Mr. Peevly heads back to his room. "BEARS! BEARS! EVERYWHERE, BEARS!" he exclaims as he walks over to his bed and lies down. Once he's asleep, the bears somehow open the door to his apartment - did they get their hands on a copy of his room key off-screen or something? - and dress him up in a bear costume. When he wakes up, he freaks out because he thinks he's hallucinating that HE'S a bear. He begs Hair, Bubi and Square for help, and Hair claims that he's suffering from a case of "Missyoudelerium", a side effect of "Zoodelerium". "Hair, you've gotta get me back to the zoo!" Mr. Peevly yells, just before Botch and Grunch show up again.
I could be wrong about this, but I'm pretty sure that driving a Jeep on the beach is frowned upon... |
The bears drag Mr. Peevly into the "amusement pier" in an attempt to get away from Botch and Grunch. They try to hide in a dance club, allowing us to see the four's hilarious dance moves.

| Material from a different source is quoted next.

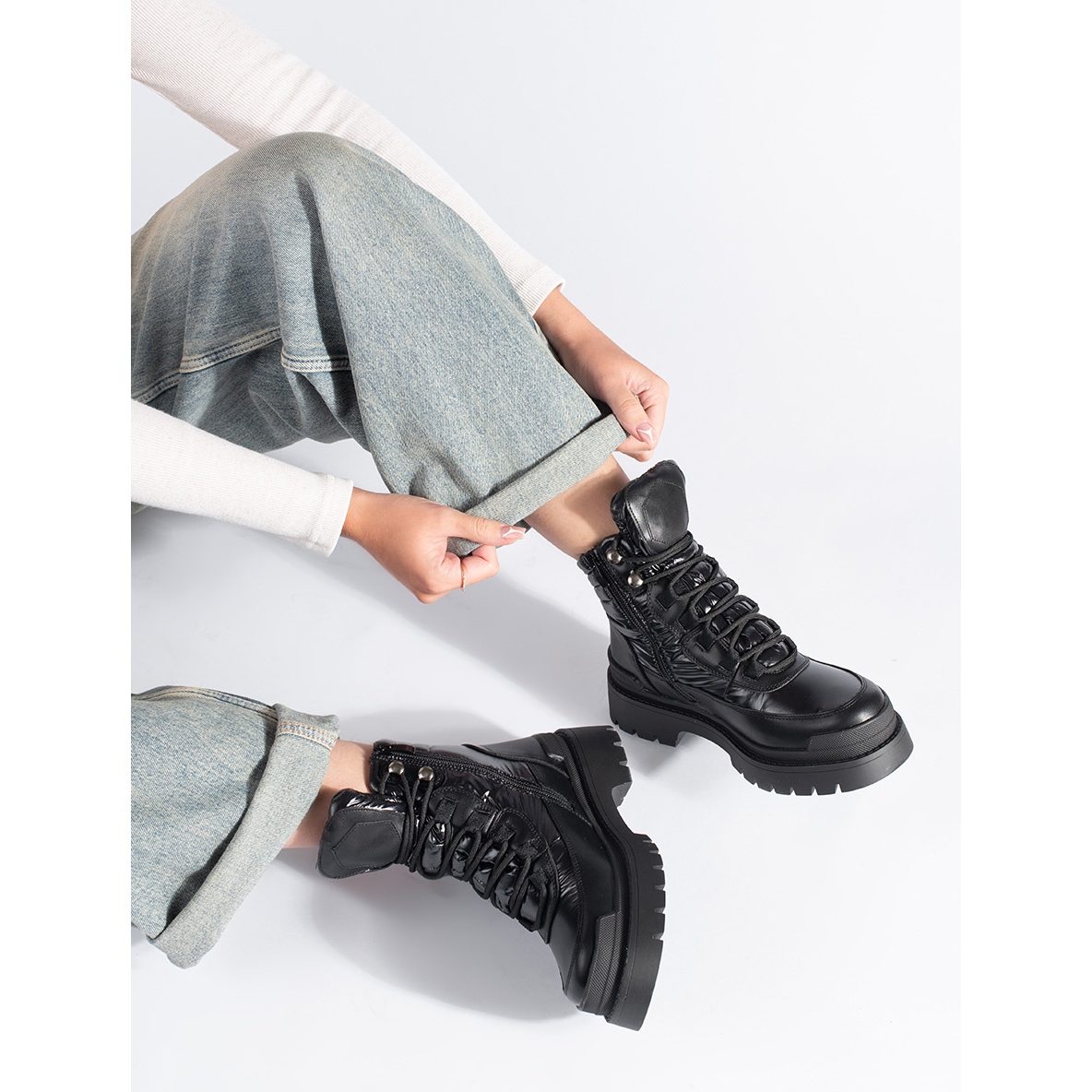 Grâce au talon épais de 4 cm de haut, les bottes gagnent la légèreté et la plate-forme de 5 cm de haut ajoute de l'élégance et allonge optiquement les jambes. Le fermoir à fermeture éclair et les détails lacés permettent un ajustement parfait au pied, ce qui augmente le confort de l'utilisation.

Alas, it's not nearly as funny in a still image. If only I knew how to make a GIF... |
They're spotted, and make a run for it again, eventually deciding to use a roller coaster track and some spare wheels to make a quick getaway. The result is this:
Honestly, I don't have a funny comment here. I think the screencap just speaks for itself. |
Hair uses gum to send Grunch and Botch flying off the track, but one thing leads to another and eventually Mr. Peevly goes flying off the track too...
"BEARS, BEARS IS EVERYWHERES!" |
…and he lands at the top of a giant slide, which he promptly hurtles down and into a large sack that Grunch and Botch are holding. "We caught the ugly one, Mr. Grunch!" Botch says, prompting an offended Mr. Peevly to peek out of the sack. And apparently the bear mask fell off when he landed in the sack. He's so angry that he fires Grunch and demotes Botch to "Chief Paper-Picker-Upper".

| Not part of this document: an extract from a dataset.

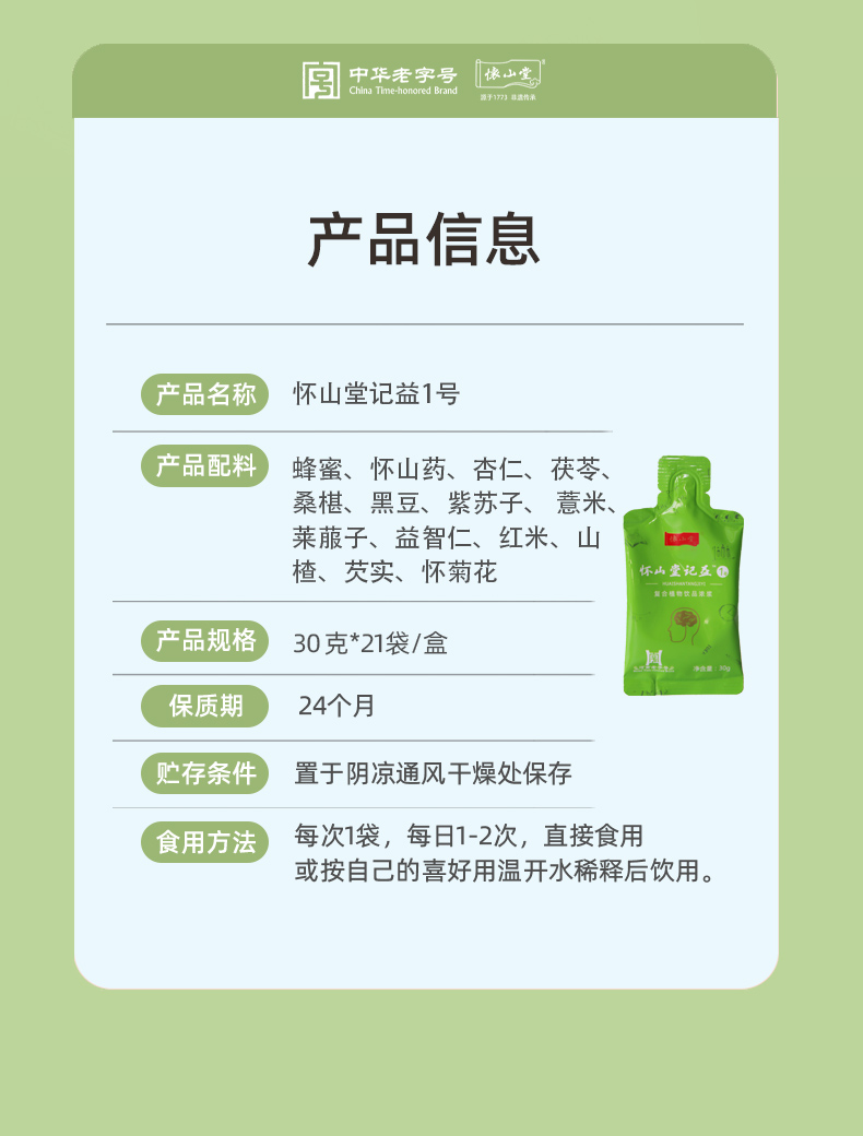 怀山堂 记益1号复合植物饮品浓浆630g袋装盒装全生命周期铁棍山药制品

"I don't even know why I keep you around, considering how your entire shtick as a character is that you're a massive idiot!" |
When Mr. Peevly arrives back at the zoo, the animals throw him a party to show their appreciation for him.
Did you know that rhinos have pretty lousy eyesight? That must be why the rhino in-between Square Bear and the lion is wearing glasses... |
Apparently, the bears revealed to Mr. Peevly that the "Zoolerium" thing was all just an elaborate scheme to get him to take a vacation for six months, because Hair asks if he's at all angry about it. Mr. Peevly replies that a Peevly always forgives... but the bears aren't getting off scott-free because a Peevly also never forgets. He shouts at the bears to get busy cleaning up the zoo. Karma's a jerk, ain't it, Hair Bear?
Soooooo, that was Help!... It's the Hair Bear Bunch.
WHAT'S THE VERDICT?
Well, it's your typical Hanna-Barbera funny animal show in the vein of Yogi Bear or Magilla Gorilla, so if you like those I think the show would be right up your alley. It's genuinely funny, with great voice acting and generally entertaining characters. One downside is that the titular bears are, to put it bluntly, jerks. The intention was clearly for them to be Lovable Rouges of sorts a la Yogi Bear, Top Cat, or Hokey Wolf, but they're not quite as likable. I mean, I don't recall Yogi Bear ever tricking Ranger Smith into believing that he had some sort of disease. Still, they get their comeuppance in the end, and I've seen far more unlikable main characters in cartoons.
Here's an interesting fact to cap off this review - apparently, Hanna-Barbera was planning to bring back the Hair Bear Bunch as a segment of 2 Stupid Dogs (like they'd done with Secret Squirrel). The plans would up being scrapped, though.